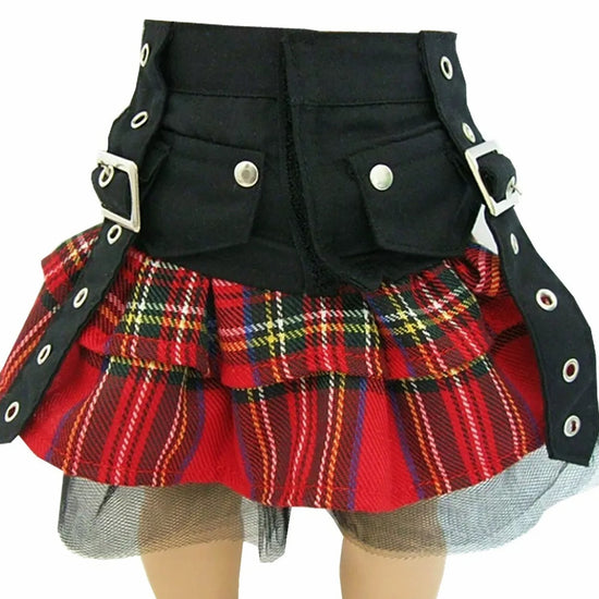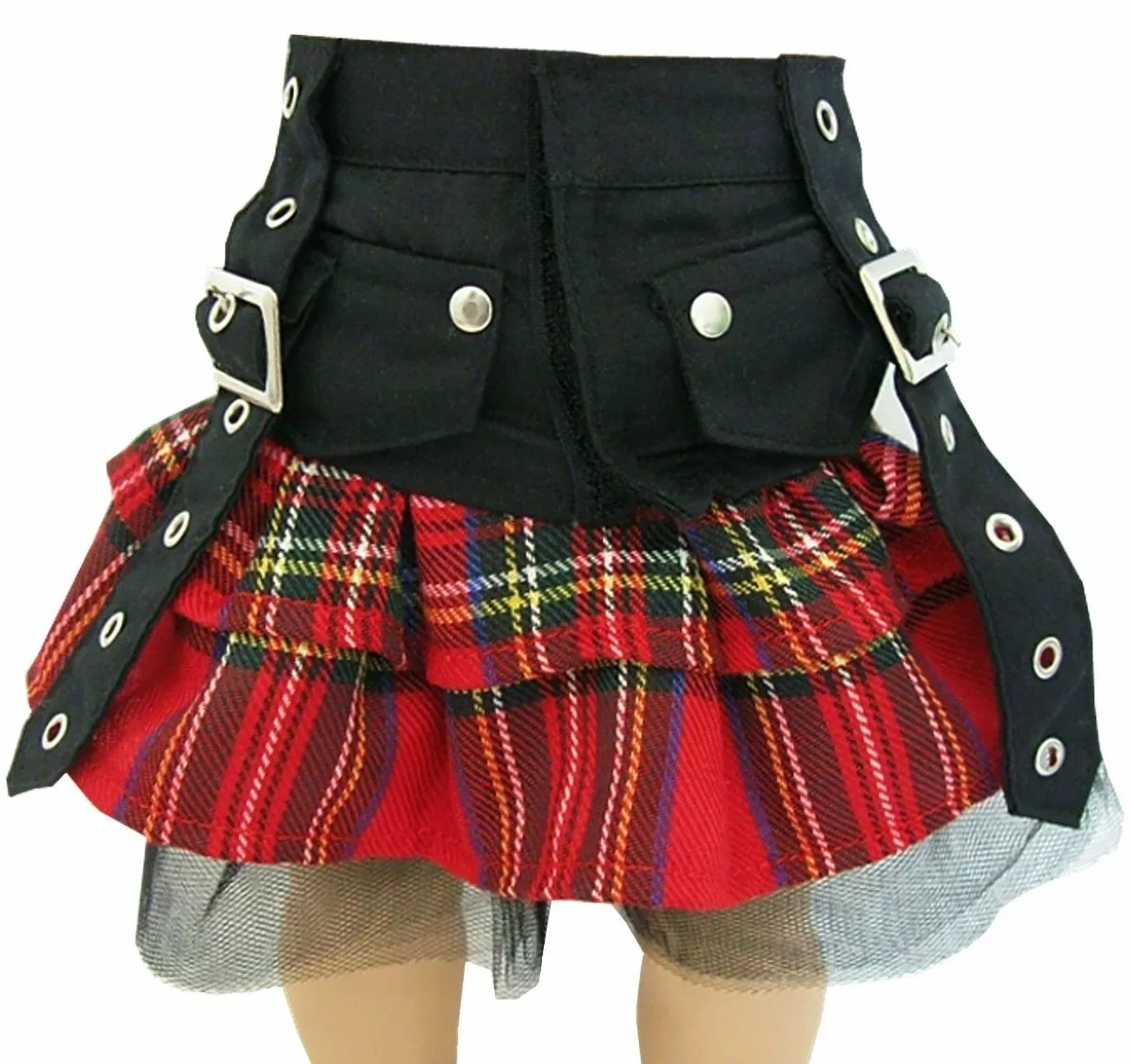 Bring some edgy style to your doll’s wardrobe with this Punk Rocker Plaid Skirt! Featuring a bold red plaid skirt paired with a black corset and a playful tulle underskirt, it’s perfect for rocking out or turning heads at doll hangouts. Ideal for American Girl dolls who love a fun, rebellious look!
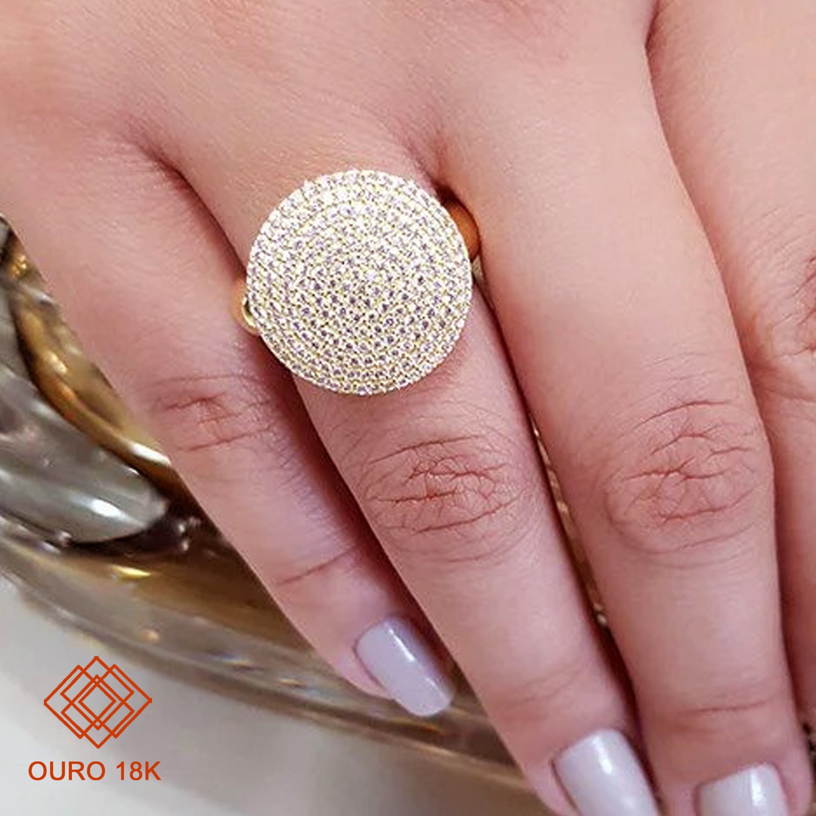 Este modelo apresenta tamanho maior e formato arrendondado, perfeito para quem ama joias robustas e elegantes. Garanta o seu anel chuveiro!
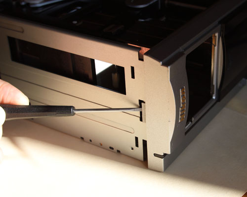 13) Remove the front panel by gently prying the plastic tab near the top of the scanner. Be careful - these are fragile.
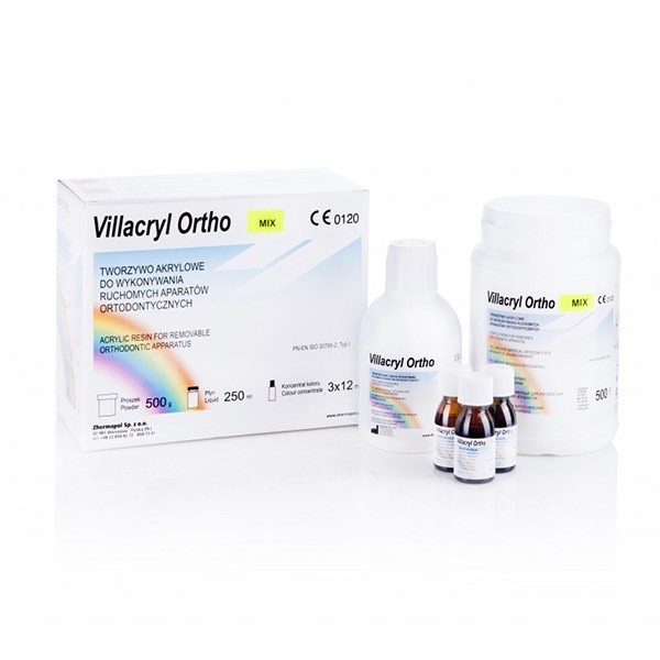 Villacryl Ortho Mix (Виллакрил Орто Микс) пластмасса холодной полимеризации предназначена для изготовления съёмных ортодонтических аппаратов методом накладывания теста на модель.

* [Task description]:
Your answer must be an exact copy of the data above, minus its pictures.

* [Task answer]:
 Bring some edgy style to your doll’s wardrobe with this Punk Rocker Plaid Skirt! Featuring a bold red plaid skirt paired with a black corset and a playful tulle underskirt, it’s perfect for rocking out or turning heads at doll hangouts. Ideal for American Girl dolls who love a fun, rebellious look!
 Este modelo apresenta tamanho maior e formato arrendondado, perfeito para quem ama joias robustas e elegantes. Garanta o seu anel chuveiro!
 13) Remove the front panel by gently prying the plastic tab near the top of the scanner. Be careful - these are fragile.
 Villacryl Ortho Mix (Виллакрил Орто Микс) пластмасса холодной полимеризации предназначена для изготовления съёмных ортодонтических аппаратов методом накладывания теста на модель.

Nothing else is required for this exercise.